🚨✨The Nexialist #0032
Code Red For Humanity | Indigenous Thinking for Troubled Times | Net Zero | Biomass Delusion | New Pollution | Doughnut Economy | Lido Pimienta | Kunumi MC | Jaloo
Welcome to my weekly attempt to tickle your brain, The Nexialist
This week I realized that the news and shocking images from the fires in Greece were giving me more anxiety and sadness than usual. I also noticed that, for some reason, I was less inclined to “quickly scroll” through these news.
So, of course, as The Nexialist being this therapeutic weekly experience for me, you will see some content related to that. On the positive side, I was so excited to see the vastness of indigenous content online. I think we have the opportunity to listen, learn and scale that ancient knowledge. I hope we can see (and do) that sooner than later.
🚨Code Red For Humanity
“Code Red for Humanity” has been all over the place, and every time I hear or read it, I get this feeling of a punch in my stomach. Especially when you are aware of the fires and floods happening all over the world. Miriam Nielsen from Zentouro defines that as eco-anxiety. Her channel has a great premise: “climate change is complicated, but getting answers shouldn't be. Let's talk about climate change, the environment, and how what we do every day impacts the entire world.”
In this video, Miriam explains what the new report from the Intergovernmental Panel on Climate Change brings. It is impressive to see the coordination of so many countries and scientists, and this bridge from academia to us. Here are some things that I learned:
There’s an interactive report to check the effects of global warming where you live.
This report is more focused on unifying data from decades of research from 195 countries. “It is just a roundup of everything we know right now, or more accurately, everything in the scientific literature published before January 31st, 2021. The vulnerability, mitigation, and adaptation reports will come in 2022.”
It’s the first time they are using words like unequivocal, as in “it is unequivocal that human influence has warmed the atmosphere, ocean and land… This is a big deal because normally the IPCC sticks to more cautious language like medium or high confidence, which is still their primary way of expressing uncertainty. But where the science is definitive, they're letting it be definitive.”
I learned about compound extreme: “a jargony way of making the nightmare scenario of two or more hazards happening at the same time or one after.” Which the report points to becoming less rare in the next decades.
She recommends the Gen Dread Newsletter as an eco-anxiety content. I haven’t fully read it, but it looks interesting.
👌🏼Net Zero
This is another term that has been used a lot lately and I think this video explains its complexity. While humanity has to reduce the amount of greenhouse gases we emit to keep global warming below 1.5 degrees Celsius, we also have to capture the gases we are producing.
The conundrum that is, we need both massive reductions in emissions as well as a dramatic scale up and proving of the technologies for negative emissions. There is a tension between the two and it’s easy for governments and industries to kick the can down the road saying, ‘well let’s go a little slower on the cutting of emissions now which will be better for the economy or for our profits because we can always make massive negative-emissions reductions later when innovation makes those technologies cheaper and better'.
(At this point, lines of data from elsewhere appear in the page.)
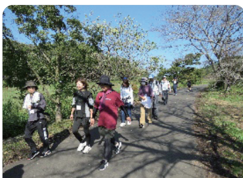
ウォーキング大会
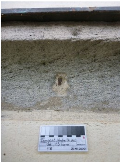
Vorzustand: Funktionsloser Metallhaken im Mauerwerk.
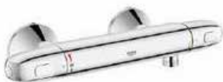
Douchemengkraan F Grohe 1000
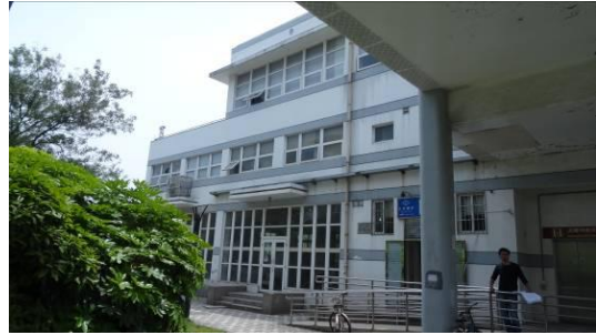
5 号线华宁路站路侧用房
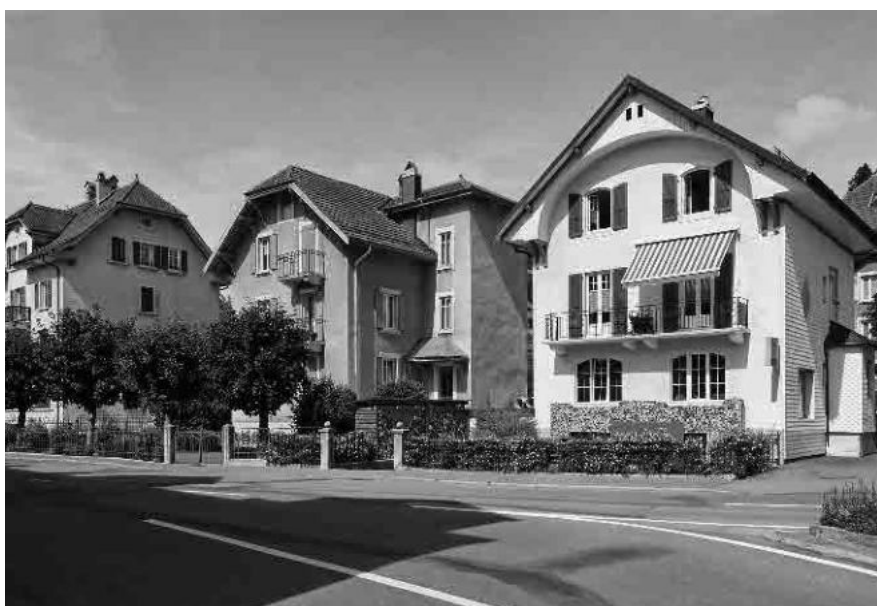
9 Rue de la Gare

The dirty little secret in that argument is that it may come too late and it may well give permission for polluters to get away with polluting much more than need be rather than innovating ways to reduce emissions now.
👀Biomass Delusion
This is something I recently learned which shocked me: Biomass is NOT sustainable. Even in the BBC video shown above, they use it as one of the options in the Net Zero equation and it shouldn’t be. Apart from the fact that it harms forests, people, and clean energy transition, it is sold as a clean (bio?) energy source and it is done so consciously:
It is encouraged by flawed accounting – Current carbon accounting rules incentivise forest bioenergy by considering biomass combustion as a zero-emission technology, expressed as zero emissions in the energy sector. The assumption is that all emissions are instead to be accounted for when the biomass is logged, placing the burden on the forest producer rather than the biomass consumer. Yet emissions accounting of forests in the land sector is fatally flawed and generally understates emissions. The true carbon cost of biomass burning rarely appears accurately on any country’s balance sheet.
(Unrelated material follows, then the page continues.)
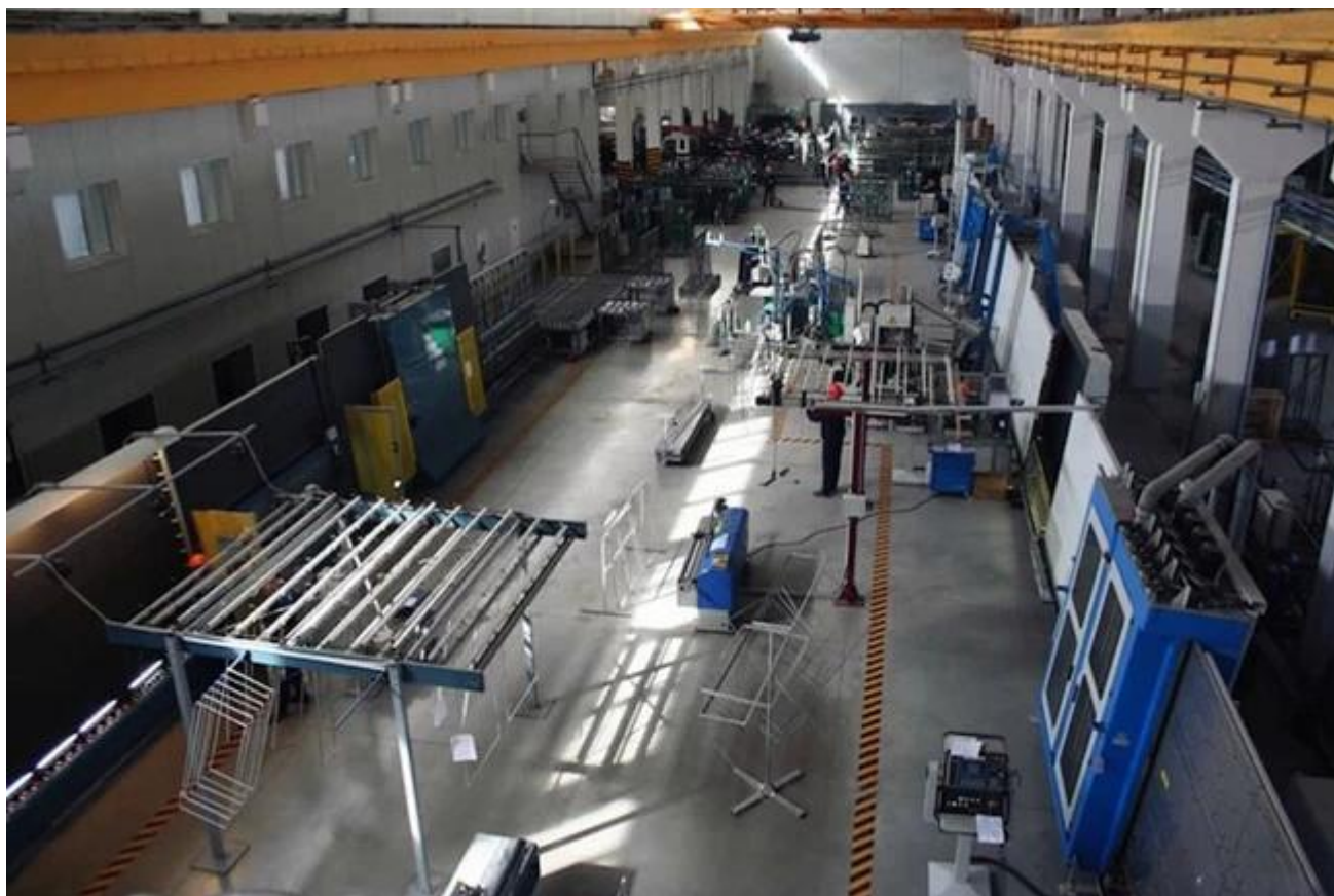
Chargement de sécurité vitrage isolant

I encourage you to read (available in different languages) and share it to raise awareness.
😷New Pollution
When walking down the street, it has been almost normalized the sight of face-masks on the floor. I see them all around and every time I wonder how many of them are actually becoming litter and going to our oceans. Well, this infographic appeared in my inbox, so I thought I would share it here.
🍩Doughnut Economy
I could not stop thinking of Kate Raworth’s Doughnut Economy. I would love to see what indigenous people think about it and how they would compliment it (I would bet there are blind spots).
Governments in every country are almost addicted to citing GDP figures as if this was proof of success and yet it's so clearly not. Because we have climate breakdown and covid lockdown and financial meltdown, we have to pursue something far richer to move from this pursuit of endless growth which we can now see as hitting us with crisis after crisis. Moving to a goal of thriving and the donut is absolutely possible to turn not into a single number but into a dashboard we could hold policymakers to account and say every year you need to talk about how you are making progress on these different dimensions of the doughnut.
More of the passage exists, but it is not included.